This is why when Scripture tells us that one day, there will be a multitude that no one can count from every nation, people, tribe, and language, that will bow around the throne and sing His praises. This is why we go with confidence to every single people group represented in these scrolls. We go with confidence to every single one of those people groups, because we know that when you go and preach the gospel to the nations, there will be people who will respond. There will be people who will come to faith in Christ. We know this, and so we go with great confidence.

As soon as the doctrine of the sovereignty of God is undercutting evangelism, we have missed the point of God’s sovereignty. We have missed the point altogether. It does not undercut evangelism, or mission. It motivates evangelism, and mission.

I love what Charles Simeon said, as we conclude the compatibility of God’s sovereignty and man’s responsibility. Charles Simeon, a great pastor a long time ago. He basically said, “The truth is not in the middle, not in one extreme, but in both extremes.” In other words, if you take God’s sovereignty and man’s responsibility, the goal is not trying to find the best middle ground. The goal is to go to this extreme and that extreme. God is completely sovereign; man is completely responsible. Go in both extremes.
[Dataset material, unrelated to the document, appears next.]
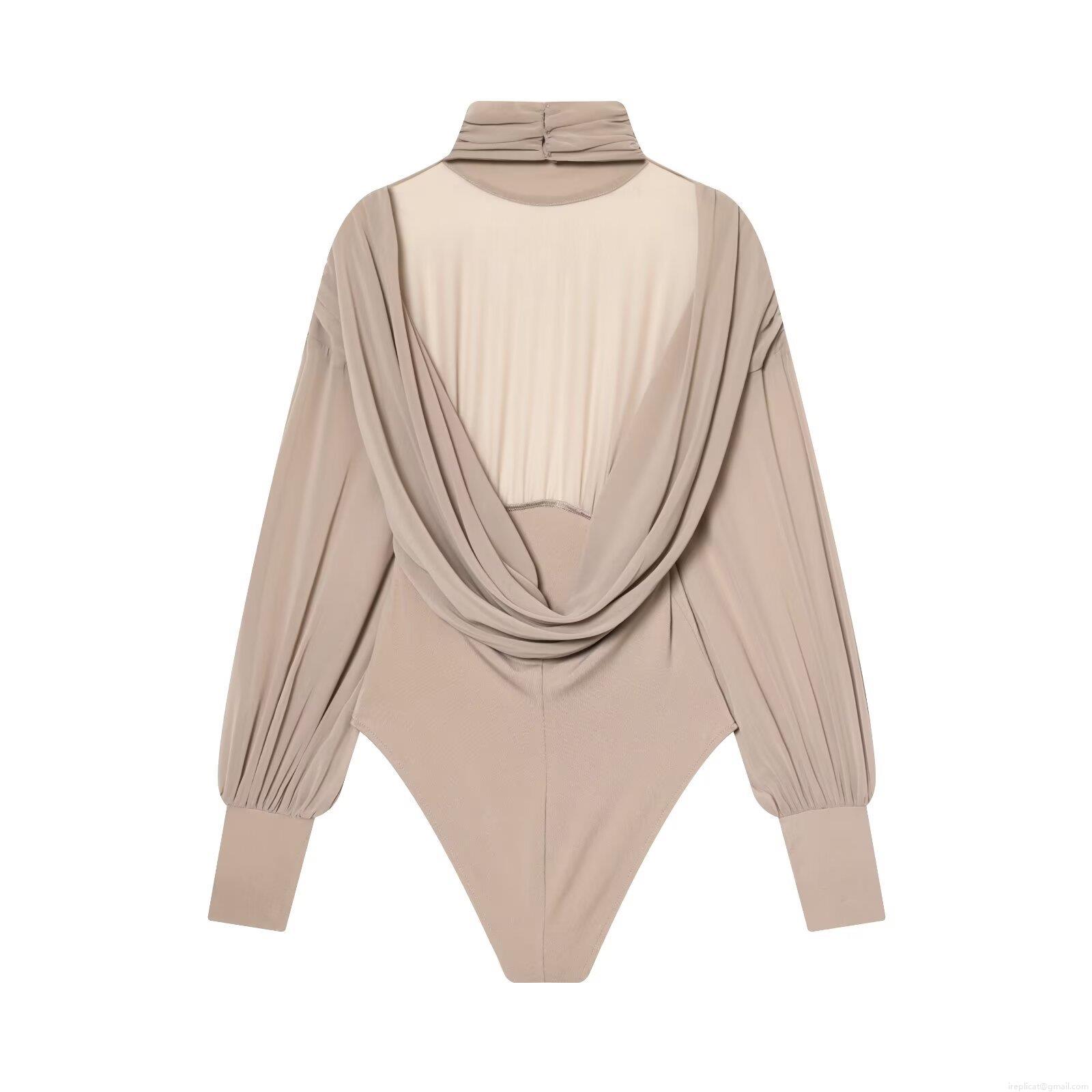 Solid Color, Splice, Pleats, Backless, Perspective, Puff Sleeves

All of that leads to—the plan of God is beneficial. In other words, the plan of God is good. And we’re going to talk more about that, so just hold onto it for when we talk about God and evil.

Practical Implications of God’s Sovereign Will

How shall we live in light of the revealed will of God? We have to realize that God ordains in His sovereignty both the end, and the means—everything together. That means, when it comes to the revealed will of God—what God says to us in His Word; declares for us to do. We need to pray for the accomplishment of His revealed will. We need to pray for His Word to be accomplished. “Thy will be done.” What does that mean? Does that mean to say, “Well do whatever you were planning on doing”? No. It is saying, “God, we see this in your Word—your glory is going to be known in the nations—show your glory to the nations!”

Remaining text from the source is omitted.